In due course we shall explore the ways in which Elisha (introduced in the present chapter) resembles Moses. For now, let us limit our consideration to Elijah, who resembles Moses in several particulars of his story: a miraculous provision of meat and bread in the wilderness (1 Kings 17:4–7), a fast of forty days while journeying through the desert on the strength of miraculously provided bread and water (19:4–8), and, in the present chapter, an encounter with the Lord on Mount Horeb, complete with all the sounds and sights associated with Moses’ own experience in that place. Elijah receives his prophecies on the very mountain where Moses received the Law. Like Moses too, Elijah covers his face in response to his mountaintop experience (19:9–13). Then, when the time comes for Elijah to leave this life, he repeats Moses’ act of parting the waters and then disappears east of the Jordan, where Moses disappeared (2 Kings 2:8–18).

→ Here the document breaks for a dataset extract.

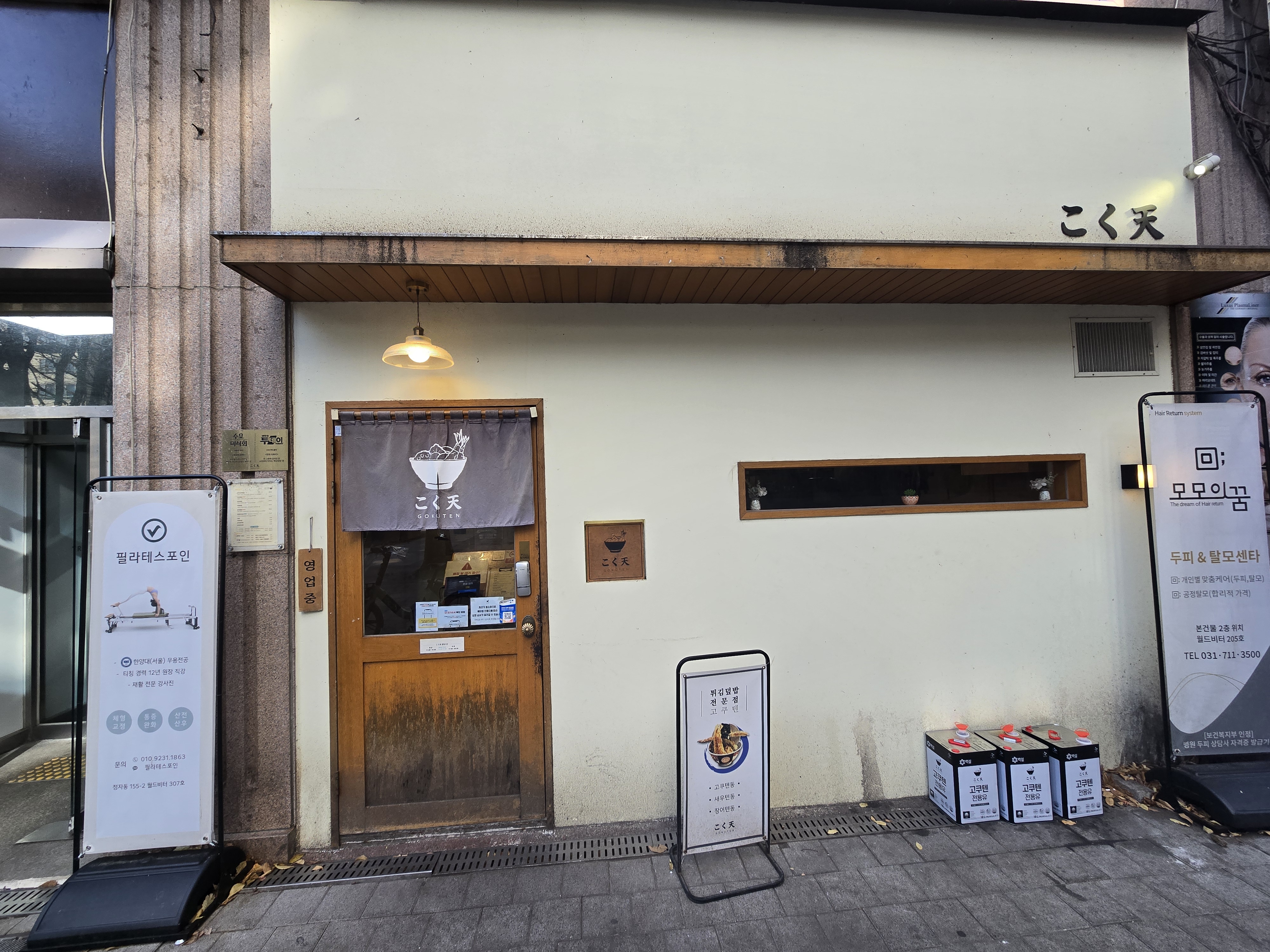 분당 서울대병원에 진료를 가면 항상 윤밀원에 들려서 평양냉면을 먹고 족발을 포장해서 오곤 했는데 이번에는 다른 맛집을 가보고 싶길래 분당 정자동 맛집을 열심히 검색했어요 정자동에 여러 맛집들이 있었지만 저의 픽은 텐동 맛집 고쿠텐 본점이었어요 고쿠텐은 여러 지점이 있는데 분당 정자동이 본점이라길래 본점의 명성을 확인하고자 바로 찾아갔어요

As the present chapter begins, Elijah is afraid, this same Elijah who acted so fearlessly in the preceding story. He flees the vengeance and wrath of Jezebel, whose prophets he slew after the episode on Mount Carmel. Elijah is also very tired from the exertions of the previous day, to say nothing of the ordeals associated with the long drought and famine. As he flees southward, he comes to Beersheba, at the southern boundary of Judah. Even for northerners this city is a popular site of pilgrimage (cf. Amos 5:5; 8:14). Here he leaves his servant, for Elijah has in mind to go much further south.
He proceeds another day into the Judean desert and sits under a tree, feeling very discouraged. In this respect Elijah resembles two earlier discouraged travelers in the desert, Moses and David. Totally distressed, he falls asleep from the heat and great fatigue. Twice an angel from the Lord feeds him with bread and water in the wilderness. Strengthened by these modest meals, he travels another 40 days—reminiscent of Moses’ forty years in the wilderness—until he comes to Mount Horeb (Sinai), where the Lord entered into covenant with Israel. He climbs the mountain to the place where Moses met the Lord, amid earthquake, fire, and whirlwind. Elijah’s own revelation from the Lord, however, takes place in a still small voice.

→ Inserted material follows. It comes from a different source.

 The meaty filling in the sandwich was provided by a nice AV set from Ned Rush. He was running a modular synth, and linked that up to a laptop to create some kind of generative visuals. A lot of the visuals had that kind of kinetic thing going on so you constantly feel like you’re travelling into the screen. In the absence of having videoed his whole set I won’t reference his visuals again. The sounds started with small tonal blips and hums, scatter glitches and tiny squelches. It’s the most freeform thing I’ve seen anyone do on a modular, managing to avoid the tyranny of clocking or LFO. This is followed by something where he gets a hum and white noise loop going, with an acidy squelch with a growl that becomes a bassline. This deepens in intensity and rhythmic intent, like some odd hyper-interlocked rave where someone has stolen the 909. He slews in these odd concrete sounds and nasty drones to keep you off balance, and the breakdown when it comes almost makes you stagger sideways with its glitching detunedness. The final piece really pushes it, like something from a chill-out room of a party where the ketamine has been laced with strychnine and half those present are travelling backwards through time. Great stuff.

The prophet is warned about the dangers of isolation and self-pity. He is instructed to go back down the mountain and make contact with some of the seven thousand of the Lord’s loyal servants. Elijah must stop all this I-alone-am-left nonsense. There is still work to do. First, he must anoint two new kings, Hazael over Syria and Jehu over Israel. We take note that the Lord has a covenant with neither of these men, but He does choose them.
Finally, Elijah is to anoint Elisha to be his own replacement in the prophetic ministry.